Sale price$42,520.00 CAD

Chanel Paris-Dallas Belt Buckle Minaudière Black Lambskin Pony Hair Gold and Palladium Hardware

From Chanel's 2014 Pre-Fall Métiers d'Art Paris-Dallas collection, Karl Lagerfeld's only US-themed Métiers d'Art capsule, shown on the runway at Fair Park in Dallas. The minaudière reproduces a Western trophy belt buckle as a hard-cased object bag: an oval face engraved in the round with foliate scrollwork, camellias, and a beaded border, the CHANEL name arched across the top and 31 RUE CAMBON banner-stamped across the bottom around a central CC sunburst.

The case sides are ridged black lambskin, the reverse is black pony hair, and the piece hangs from a slim leather-laced chain.
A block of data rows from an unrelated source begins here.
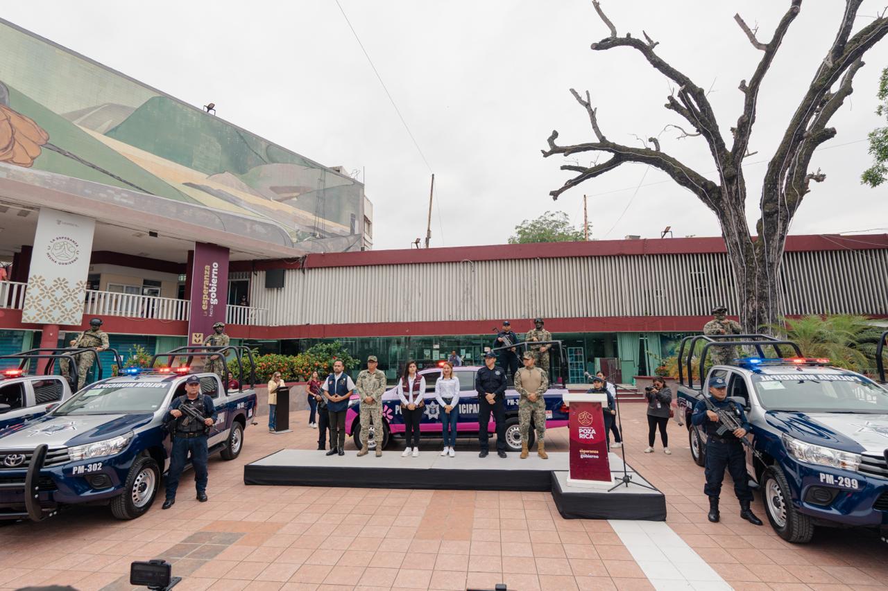 Poza Rica, Veracruz. — En una acción firme y decidida para fortalecer la seguridad y proteger la tranquilidad de las familias pozarricenses, el Gobierno de Poza Rica, encabezado por la Presidenta Municipal Adanely Rodríguez, realizó la entrega de cinco nuevas unidades a la Policía Municipal.
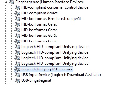Mein Bild zeigt meine Einträge im Gerätemanager zu einem Logitech MK710 Maus/Tastatur-Set, das ebenfalls mit Unifying arbeitet.
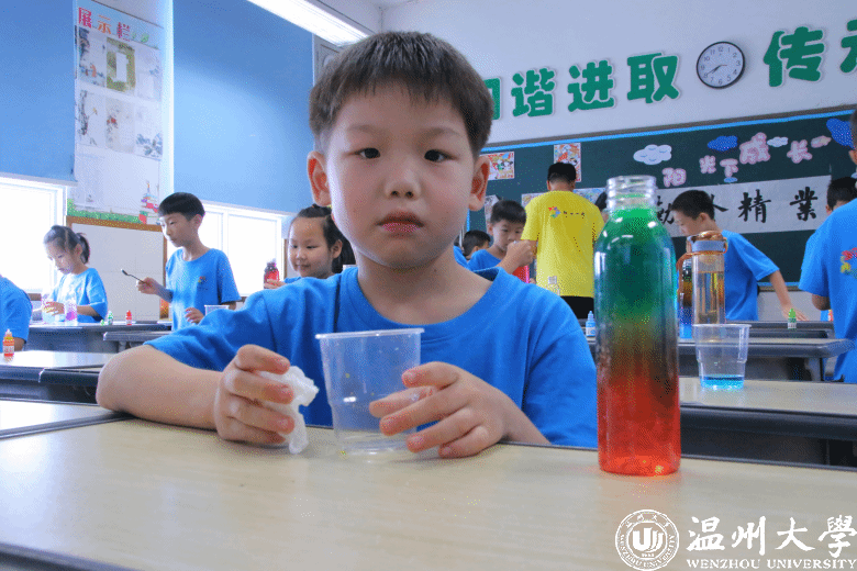 温都讯 7月15日,日本a片 法学院“亲情中华”温州市侨界留守儿童快乐营玉壶分营开展了一场《“消失”的水——人造雪》科学实践课。
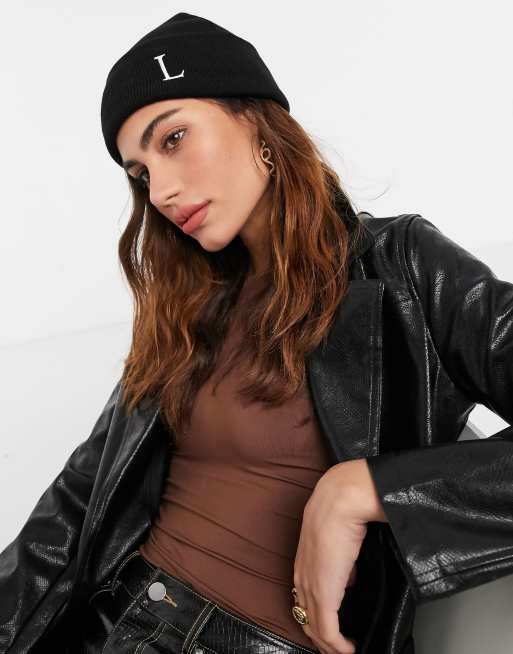 ASOS DESIGN – Svart personlig mössa med bokstaven "L"
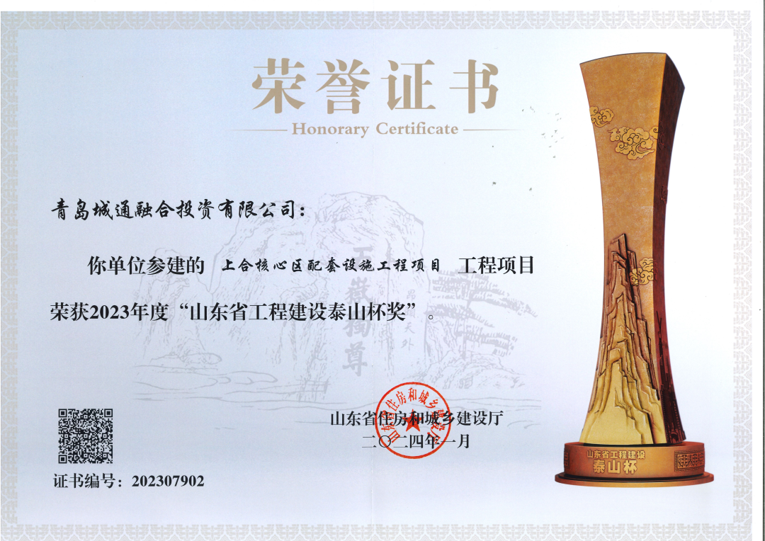 5月10日,山東省住房和城鄉(xiāng)建設(shè)廳正式授予青島城投產(chǎn)業(yè)園集團(tuán)參建的上合核心區(qū)配套設(shè)施工程項目“2023年山東省工程建設(shè)泰山杯”榮譽(yù),該榮譽(yù)是全省全年度建設(shè)工程質(zhì)量領(lǐng)域的最高榮譽(yù)。
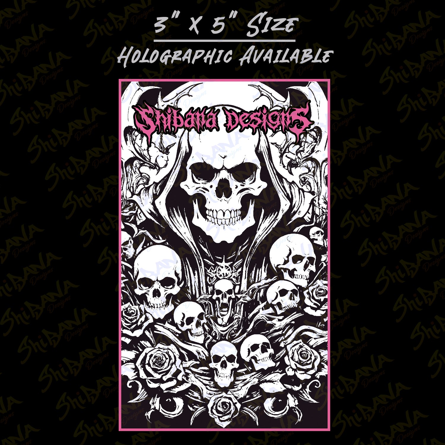Represent your love for the darker side and the macabre. Available in both regular and holographic finish!
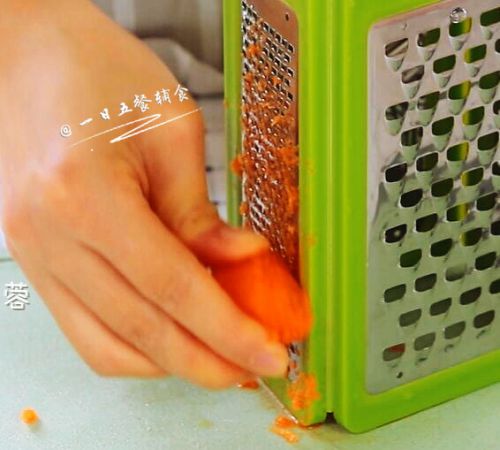 6胡萝卜擦成蓉。由于胡萝卜比较难熟,泥蓉状融到汤里更有利于吸收。
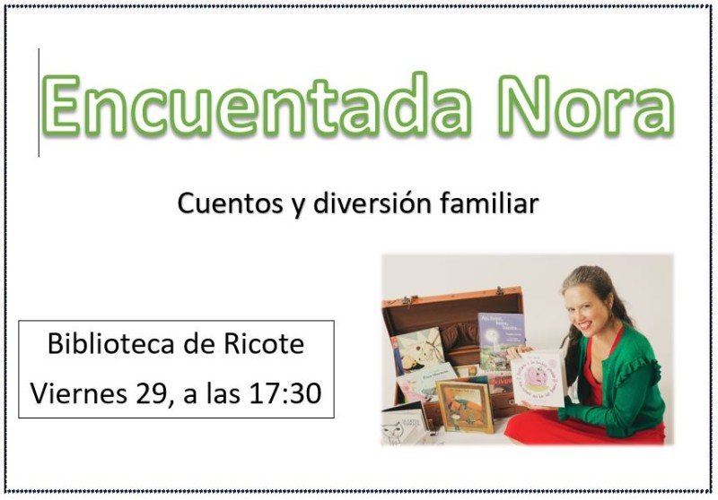 • Cuentacuentos en la Biblioteca con Nora Pellicer, viernes 29 a las 17:30h.

A push-stud closure at the top opens the hinged shell. The form is among the most literal of the collection's Americana references, a couture object built in the shape of a rodeo prize, and it sits outside Chanel's standard flap and boy structures entirely.

Condition: 2 – Excellent
Year: 2014 (Pre-Fall, Métiers d'Art Paris-Dallas)
Color: Noir
Material: Lambskin / Pony Hair
Hardware: Gold and Palladium
Includes: Box
Dimensions: 23 × 18 × 2 cm | 9" W × 7.1" H × 0.8" D

Collector's Insight:
Paris-Dallas was Chanel's single American Métiers d'Art collection, and the object-format pieces, the belt buckle, the holster, were produced in far smaller numbers than the flaps and boys from the same runway. This minaudière deviates entirely from standard Chanel structures, which places it with the completist collectors who pursue runway-specific artifacts rather than wearing bags, and the engraved 31 Rue Cambon medallion makes it one of the most recognizable objects from the collection.

Resale Insight:
Object-format minaudières from Lagerfeld's Métiers d'Art runways trade as collector instruments, insulated from the seasonal cycles that move standard handbag lines because supply was tiny and never repeated. The Paris-Dallas pieces carry added weight as Karl-era runway artifacts now that the period is closed, and excellent examples of the object bags surface infrequently, trading at multiples of original retail when they do.